The growing influence of data is accompanied by an increased risk of exploitation when information falls into the wrong hands. Weaknesses in the security of the original data threaten the privacy of individuals. Even a dataset that redacts individual identities is vulnerable to misuse. NIST PSCR set out to protect personally identifiable information while maintaining a dataset's utility for analysis, thus protecting individual privacy while allowing for public safety data to be used by researchers for positive purposes and outcomes.
PSCR has hosted a series of prize challenge competitions that focus on advancing data privacy while protecting personally identifiable information. In one, participants used a dataset of emergency response events occurring in San Francisco and a sub-sample of the IPUMS USA data for the 1940 U.S. Census. Since then, challenge contestants have used common analytics tasks such as clustering, classification, and regression of a synthetic (or artificial) dataset to serve as a practical replacement for the original sensitive data.

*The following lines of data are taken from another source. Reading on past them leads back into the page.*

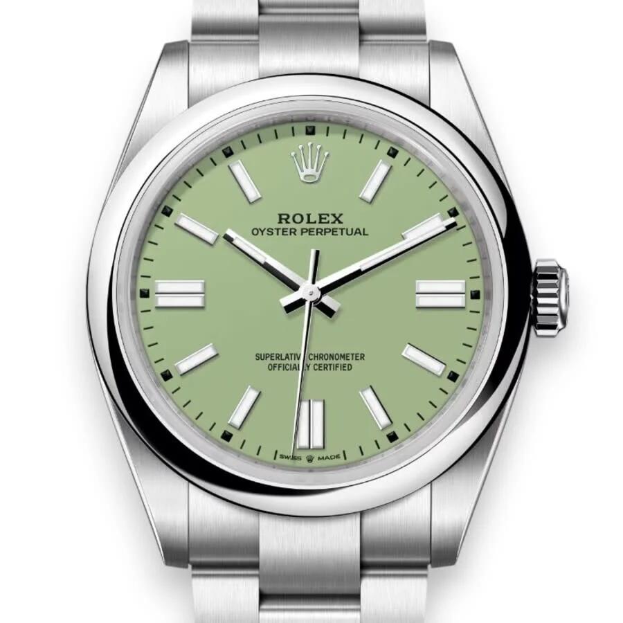 Silver-tone stainless steel case with a silver-tone stainless steel oyster bracelet. Fixed silver-tone stainless steel bezel. Green dial with silver-tone hands and index hour markers. Minute markers around the outer rim. Dial Type: Analog. Luminescent hands and markers. Rolex Calibre 3230 Automatic movement, containing 31 Jewels, bitting at 28800 vph, and has a power reserve of approximately 70 hours. Scratch resistant sapphire crystal. Screw down crown. Solid case back. Round case shape, case size: 41 mm. Fold over clasp with a safety release. Water resistant at 100 meters / 330 feet. Functions: hour, minute, second, chronometer. Oyster Perpetual Series. Luxury watch style. Watch label: Swiss Made. Item Variations: 134300-0006. Rolex Oyster Perpetual Automatic Chronometer Green Dial Men's Watch M134300-0006. GENERAL Box Type: Original Box CASE Case Diameter: 41 mm Case Material: Stainless Steel Case Shape: Round Case Back: Solid BAND Band Material: Stainless Steel Oyster Band Type: Bracelet Band Color: Silver-tone Clasp: Fold Over with Safety Release DIAL Dial Color: Green Type: Analog Crystal: Scratch Resistant Sapphire Hands: Silver-tone Dial Markers: Index Second Markers: Minute Markers around the outer rim Luminiscence: Hands and Markers Bezel: Fixed Bezel Color: Silver-tone Bezel Material: Stainless Steel Crown: Screw Down INFORMATION Brand: Rolex Series: Oyster Perpetual Collection Name: Oyster Perpetual Gender: Mens Model: M134300-0006 Watch Label: Swiss Made Movement: Automatic Engine: Rolex Calibre 3230 Power Reserve: 70 hours FEATURES Water Resistance: 100 meters / 330 feet Functions: Hour, Minute, Second, Chronometer Watch Features: Analog, Chronometer, Perpetual, Stainless Steel ADDITIONAL INFO Watch Style: Luxury Warranty: 2 Year Jomashop Warranty Jomashop Sku: RLX134300-0006 Item Variation: 134300-0006 Department: Watches
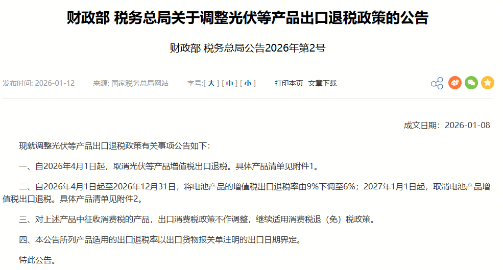 2026年1月9日,财政部、税务总局发布公告,明确自2026年4月1日起取消光伏硅片电池片组件等产品出口增值税退税。
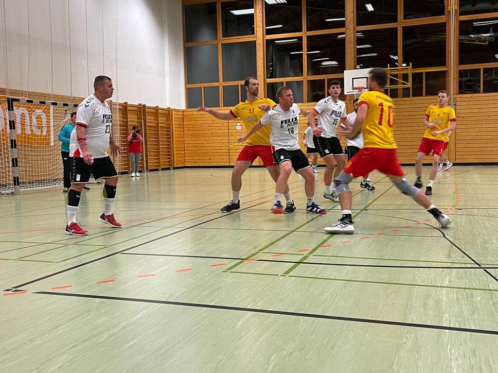 Die zweite Halbzeit verlief ebenfalls ordentlich und begann durch Treffer von Mihailo Ilic und zweimal Jonas Hoffmann mit einem 3:0-Lauf unseres Teams (13:15 in der 36. Minute). Das 15:16 durch Hubert Portz-Funke zwei Minuten danach sollte aber leider die letzte Führung der Gäste sein. Trotz guter Offensivaktionen fehlte im Abschluss zu oft die Präzision und wir mussten fünf Minuten vor Spielende die Gastgeber auf 25:22 davonziehen lassen. Das Team von Trainer Kico Muhaxheri bewies aber Moral und glich durch Danny Bernhardt, Erik Obenauer und Jonas Hoffmann nochmals aus. Ein Siebenmeter-Tor von Marcel Brüggemann entschied schließlich das Spiel (26:25).
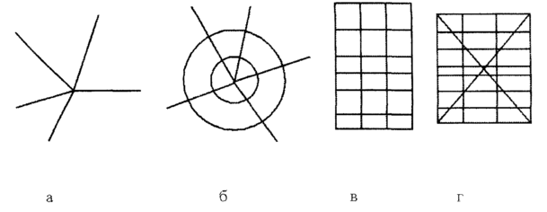 Рисунок1 - Основные геометрические схемы: построения улично-дорожной сети: а - радиальная; б - радиально-кольцевая; в - прямоугольная; г -прямоугольно-диагональная

Contestants proved mathematically that a synthetic data generator satisfies the rigorous Differential Privacy guarantee, and that we can be confident the synthetic data it produces won't contain any information that can be traced back to specific individuals in the original data. NIST PSCR produced five open source algorithm solutions that may be used for continued research. Next, PSCR will incentivize the development of a privacy-preserving dashboard map that shows changes across different temporal map data segments over time.
The ability for public safety to use datasets without comprising personally identifiable information may make it possible to identify emergency trends more quickly, which could aid first responders and dispatch centers as they face an influx of 911 calls. These outcomes, which provide significant implications for continued differential privacy research and data privacy, also aid in the ability to save lives.